Files and File system Security

and File system Security
A few minutes of preparation and planning ahead before putting your systems online
can help to protect them and the data stored on them.
• There should never be a reason for users’ home directories to allow SUID/SGID
programs to be run from there. Use the nosuid option in /etc/fstab for partitions
that are writable by others than root. You may also wish to use nodev and noexec
on users’ home partitions, as well as /var, thus prohibiting execution of programs,
and creation of character or block devices, which should never be necessary anyway.

• If you are exporting file-systems using NFS, be sure to configure /etc/exports
with the most restrictive access possible. This means not using wild cards, not allowing
root write access, and exporting read-only wherever possible.
• Configure your users’ file-creation umask to be as restrictive as possible. See the
Section called Umask Settings.
• If you are mounting file systems using a network file system such as NFS, be sure
to configure /etc/exports with suitable restrictions. Typically, using ‘nodev’, ‘nosuid’,
and perhaps ‘noexec’, are desirable.
• Set file system limits instead of allowing unlimited as is the default. You
can control the per-user limits using the resource-limits PAM module and
/etc/pam.d/limits.conf. For example, limits for group users might look like
this:
@users hard core 0
@users hard nproc 50
@users hard rss 5000
This says to prohibit the creation of core files, restrict the number of processes to
50, and restrict memory usage per user to 5M.

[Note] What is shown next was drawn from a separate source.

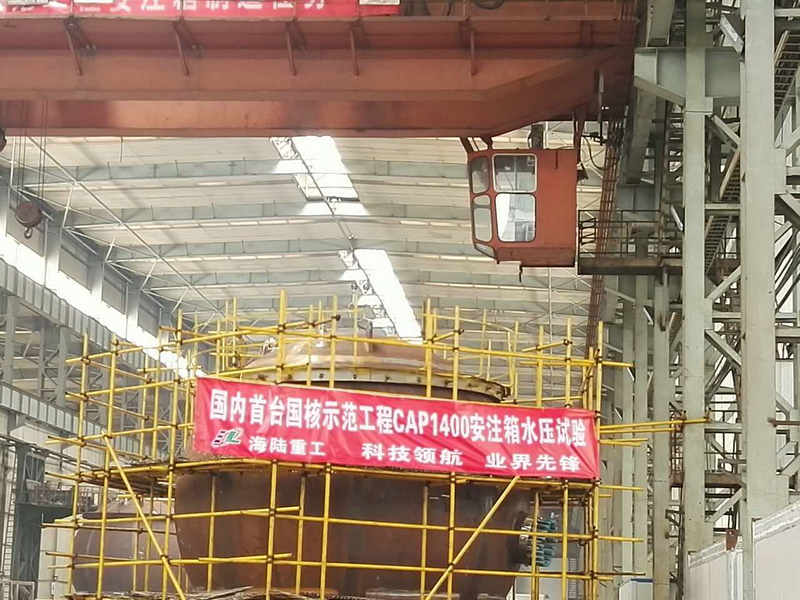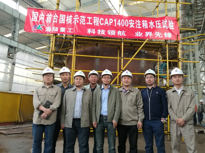 2017年4月25日16時(shí)20分,CAP1400示范工程1號(hào)機(jī)組首臺(tái)安注箱在海陸重工核電車(chē)間水壓試驗(yàn)順利完成!

You can also use the /etc/login.defs configuration file to set the same limits.
• The /var/log/wtmp and /var/run/utmp files contain the login records for all users
on your system. Their integrity must be maintained because they can be used to
determine when and from where a user (or potential intruder) has entered your
system. These files should also have 644 permissions, without affecting normal
system operation.
• The immutable bit can be used to prevent accidentally deleting or overwriting a
file that must be protected. It also prevents someone from creating a hard link to
the file. See the chattr(1) man page for information on the immutable bit.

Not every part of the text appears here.